L’administration de l’université, ainsi que les professeurs, demandaient beaucoup d’investissement personnel à ceux qu’ils jugeaient talentueux. Pablo avait le malheur d’être doué et, de surcroît, de posséder un compatriote célèbre. Il ne s’agissait ni de Shakira, ni d’Escobar, mais de Diego, un autre colombien issu de la même ville, Medellin. Ce dernier avait participé, deux ans auparavant, à un concours d’éloquence sur la chaîne de télévision nationale. Après avoir remporté la palme, son avenir dans le pays était tout tracé : l’université de Dalian ne lâcherait pas son joyau. Quoi de mieux donc que de voir débarquer un acolyte de leur champion, tout pimpant et désireux de progresser son putonghua ?
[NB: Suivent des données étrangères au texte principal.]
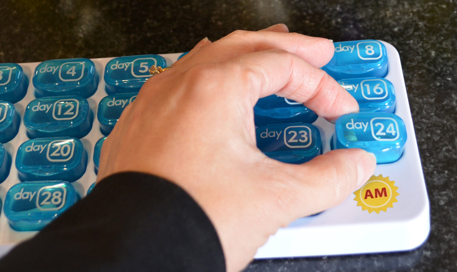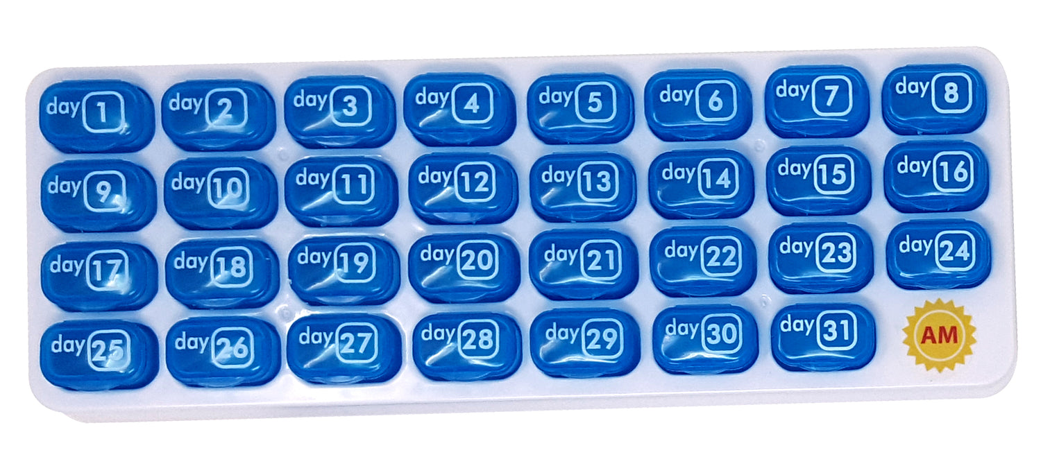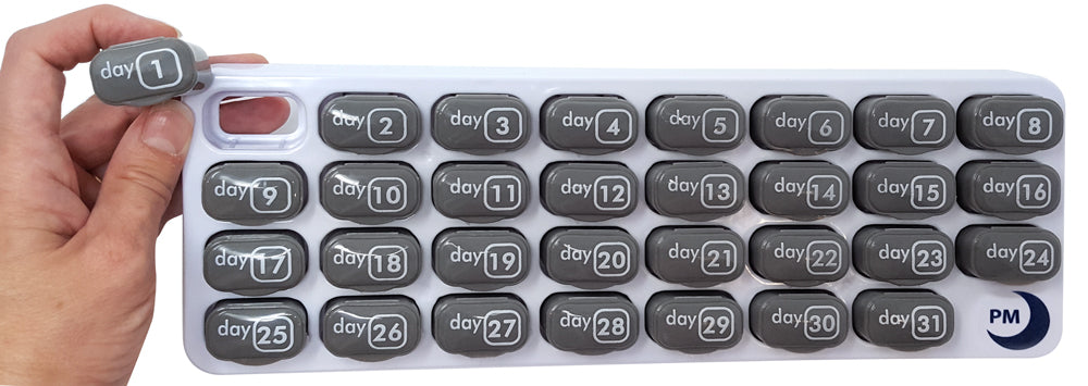 The pods are numbered to correspond to the days of the month on which you need to take your medication. The pods can be kept in the tray or you can pop them out for work or travel.

Les victoires de Pablo aggravèrent son cas. Aux fêtes et aux grands événements, le Ban Gong Shi lui proposait, sur un ton qui n’admettait pas la discussion, de chanter en chinois, de déclamer un discours ou simplement de s’exposer au premier rang, les dents blanches en avant pour le rayonnement du prestige de la fac chez les Occidentaux.

Cette pression constante plongea Pablo dans le tabac, qu’il n’avait jamais touché avant d’intégrer l’école, et l’alcool. Il enchainait bière au petit-déjeuner avec deux ou trois paquets de cigarettes par jour puis terminait la soirée autour d’une bouteille de vodka. Le stress lui ouvrait également l’appétit et haussa son poids de quinze kilos (la graisse des plats chinois n’aidant pas).

La transformation d’un homme en une seule année ne saurait rivaliser avec ce à quoi sont confrontés chaque jour les étudiants chinois. Leur intégration en études supérieures ne s’effectue que sur la base du classement du Gaokao, l’équivalent de notre baccalauréat à la fin du lycée. Chaque département de l’université possédait ses propres critères selon la reconnaissance de son enseignement.

Le japonais représentait le meilleur département de DUFL. Ainsi, seuls les plus assidus obtenaient le droit de pénétrer ce cursus réputé. À l’inverse, la licence d’informatique, ruanjian, peu prestigieuse, accueillait des étudiants beaucoup plus bas dans le classement. Fu nous expliquait qu’à Dalian, la plupart de ces élèves n’avait d’ailleurs pas réussi leurs examens. Plus qu’un Parcours Sup, ce Gaokao déterminait le destin de la jeunesse chinoise. Une jeunesse aux repères perdus et en proie à une remise en question sociale contestée par ses aînés.

Travailler dur pour gagner ce que l’on souhaite n’est pas juste un mode de pensée confucianiste, il s’agit d’un pilier de l’esprit chinois. Selon un autre proverbe, le succès ne se paye qu’à la force de trois choses : le sang, la sueur et les larmes. La recette d’une relève brisée de ses rêves et harassée avant même d’avoir atteint sa majorité.

Heureusement, le temps libre ne nous faisait pas défaut et ce melting pot sociétale ne se privait pas pour s’amuser. La grande place près des logements se remplissait dès les premières heures du crépuscule, hormis l’hiver. Au coin des lampadaires, des éclats de voix et des tintements de bouteilles d’alcool aussi divers qu’il y avait de nationalités, chacun apprenait à se connaitre, se découvrir parmi les ombres de ce pays mystérieux.